I have a Yamaha RX v765 receiver. I just bought a new television last week. So I am trying to connect the television to the receiver, as well my Fios box, and my xbox to it as well. Well obviously I am using HDMI cables but for some odd reason I can hear audio but I can't see anything . I know I connected it right I have the TV HDMI port from the television to the HDMI out on my receiver. I went to see the receiver setting for the HDMI and the control option is turned on. So I am really have no idea what to do, or even how to fix this situation.


----------



## bambino (Feb 21, 2010)

Not to question you but are you certain you have all the settings correct? There may be a "handshake" issue going on or somthing goofy like that.

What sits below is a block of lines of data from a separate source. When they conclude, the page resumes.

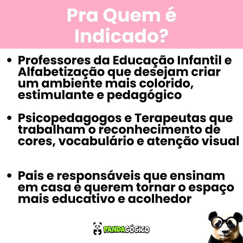 • Professores da Educação Infantil e Alfabetização que desejam criar um ambiente mais colorido, estimulante e pedagógico;
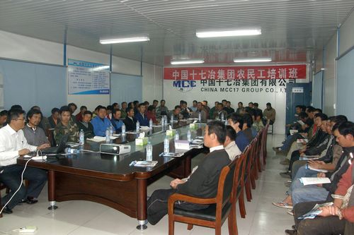 1129晚,由十七冶市政工程技术公司承办的农民工技能培训班在十七冶花山区安置房二期工程项目经理部农民工培训学校内准点开班授课。市相关部门负责人、集团公司人力资源部副部长杨昌贵、市政工程技术公司党委书记陈光山、总工程师兼项目经理刘伟等出席了开班仪式。
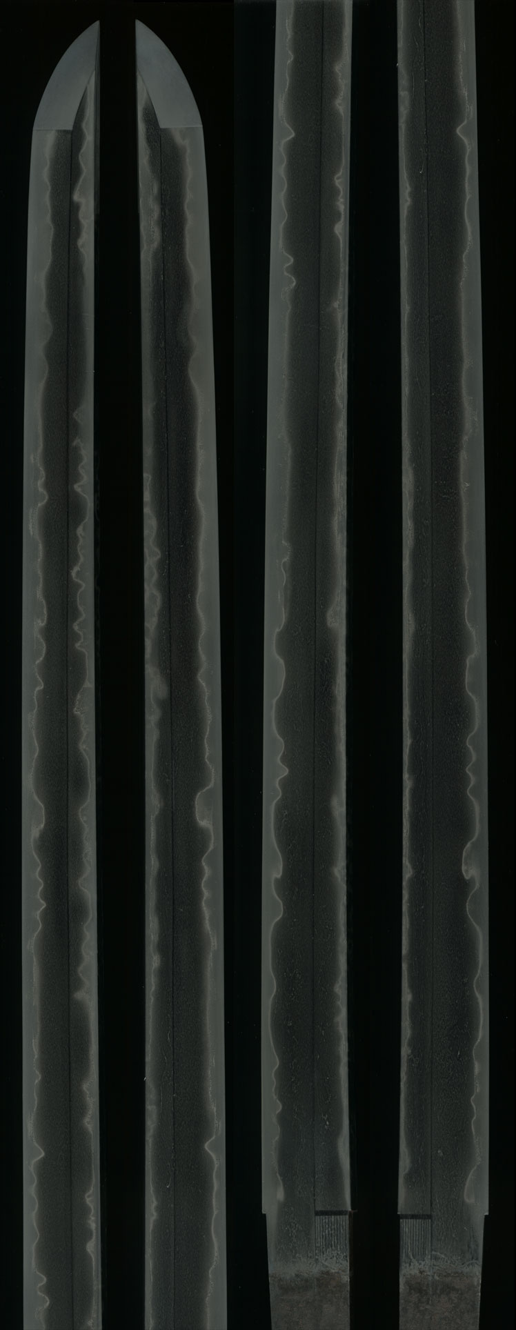 Shinto katana in full Edo-Period mount of good length measuring almost 28" was once even longer, now suriage partial-zaimei reading "Tajima Daijo Fujiwara Daido..." and cut-off. The two characters missing due to shortening should read "NAOFUSA". This strong, very healthy katana dates to the Kanei Era (ca.1624), and Naofusa was originally from Mino, where the name Daido originated from O-Kanemichi, but is said to have later resided in Tango Kuni. He was known to be a skilled carver of horimono. This blade is in good polish and exhibits the Mino tradition of the Shinto Period with a tight ko-itame hada containing ji-nie, while masame is very visible in the shinogi. The temper pattern is unusual in that not only is there hamon in the cutting edge, but there is temper running all the way back down the mune from the point. Hamon is a tight togari-style gunome midare mainly in nioi line but with larger nie crystals breaking up the tops of some gunome, and sunagashi effects. Boshi is a healthy and deep midare with nie, beautiful kissaki. Tang is 2-hole well-done suriage with partial signature remaining.
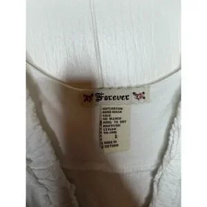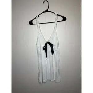 Y2K White Babydoll Tunic Top Size Small Black Bow Empire Waist Fairy Coquette

I guess if it were me i'd reset everything and disconnect and also check my connections.:dontknow: Thats all i can think of.


----------



## Maximus12` (Oct 15, 2011)

I'm positive that the connection is right. I have a friend who came to check it out because he connects them all the times at work. He works at Best Buy. He couldn't figure it out either. I looked at the "handshake", so is it possible if I get an HDMI switch, would it solve my problem?


----------



## tonyvdb (Sep 5, 2007)

if you run your device directly to the display bypassing the receiver does it work then?


----------



## Maximus12` (Oct 15, 2011)

tonyvdb said:


> if you run your device directly to the display bypassing the receiver does it work then?


Yes it does.


----------



## Twin_Rotor (Jan 1, 2012)

I have handshake issues from time to time. My setup is completely different, but here is what I've found to work:

Turn TV off and back on with receiver/source on
Turn receiver off and back on with source/tv on

My receiver has an HDMI control feature also. I think its for the Sony Braivia sync stuff, but maybe your reliever has something similar?


----------



## ovillegas (Jan 30, 2012)

I think the HDMI Control feature on the Yamaha is just to control other Yamaha components. I think that's what I read on the manual. I have the same receiver but I only have one blu ray player connected to it, but I also had some troubles until I enabled the standby pass through feature on it.


----------



## Arcticbear (Dec 1, 2011)

Turn the CEC feature off in your TV setting.
That did it for me last year.
Each manufacturer has its own name for the CEC 

Panasonic call it: EZ Sync
Samsung call it: Bravia Sync
---etc


----------